Among the guarantees, it was stated that India should adhere to International Covenant[46] on Civil and Political Rights (ICCPR), which India ratified in 1979 and which makes freedom from torture an absolute right, i.e. it cannot be derogated from (see ICCPR article 7). However, the UN Convention Against Torture (CAT) from 1984 is considered a much stronger instrument for the prevention of torture. Although India signed the Convention Against Torture in 1997, it has still not ratified it[47]. Although many Indian organisations have urged the Indian Government to ratify the convention[48], Kaur takes the official Indian perspective at face value: “The question of ratification of the convention has been the subject of a long-delayed law-making process that requires the domestic laws of India to be in tune with the Convention before ratification can take place” (Cit. 63-4). However, there are no demands that domestic laws have to be in place before ratifying CAT. Denmark has, for instance, still not written torture into its national laws. Furthermore, ratification would empower the Indian courts, the human rights institutions, and NGOs in their struggle against torture. The draft law presented in 2010 far from lived up to the minimum requirements of CAT. The reasons for not ratifying could be that the problem is so huge and it will demand so many resources to deal with the problem, and that torture seems to be so entrenched and accepted in the Indian society[49], and thus the necessary political will is lacking, and/or that India may not like external supervision, because as a signatory to CAT, India can possibly be visited by the UN Committee Against Torture, which requires access to all places where people are deprived of their liberty.

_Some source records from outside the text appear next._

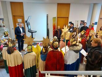 Am Donnerstag, dem 4. Januar 2024 kamen traditionell die Sternensinger:innen der Sternsingeraktion in der Pfarrei St. Walburga Groß-Gerau und Hl. Nikolaus von der Flüe Büttelborn zu Besuch ins Rathaus. Bürgermeister Marcus Merkel freut sich jedes Mal riesig, dass dem Rathaus diese Ehre zu Teil wird.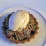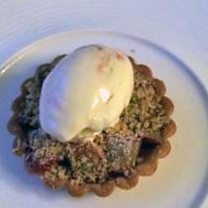 Crymbyl riwbob gyda crwst melys a chwstard melys (creme anglaise)
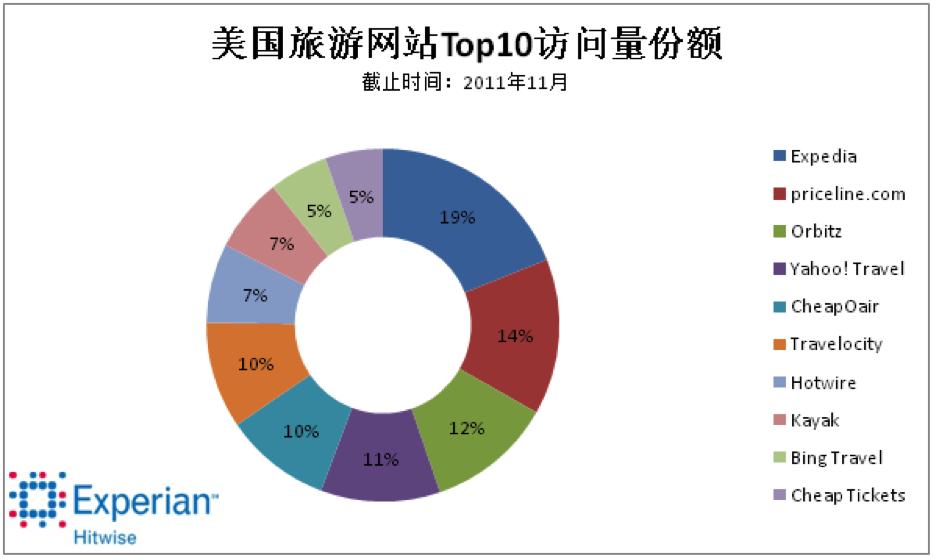 这也是中国在线旅游市场与美国不同的地方,美国排名前6的旅游网站占了行业访问量的63%,并且这6家所占份额基本差不多,Expedia以比较小的优势占据第一。但是Expedia的资产更多,除了美国Hotwire等品牌,在中国Expedia还拥有酷讯、到到网、易达并控股艺龙等旅游网站。

4.3 India’s Foreign Policy – Contested Perspectives

According to Kaur, India has, in the Holck case, acted in a very restrained manner, as “(t)he Indian Government has not publicly raised the stakes by issuing ultimatums on the issue…”(Cit. p.69) and it took place outside the “public gaze” and held a “non-committal stand” and finally the “(d)iplomatic maneuvering at a more subterranean level suggest a will to seek solutions while maintaining a public face….” (Cit. p. 69). And for the Denmark, it does not understand these “‘subtle cues”. What these should mean, she does not indicate. That, the Danish Government should disregard its court system or that it should take up the case again?

Kaur tries to give us a rosy picture of Indian foreign politics by referring to the ideal of panchsheel[50] – the five principles of (among others) peaceful co-existence, non-alignment as well as non-interference in each other’s internal affairs. She claims that India has been “non-aggressive” the last 70 years (p. 68). In Bangladesh, India only intervened for humanitarian reasons and in Sri Lanka it helped to “counter the Tamil liberation” (p. 68). This does not tally with the picture that India’s neighbours have ofIndia.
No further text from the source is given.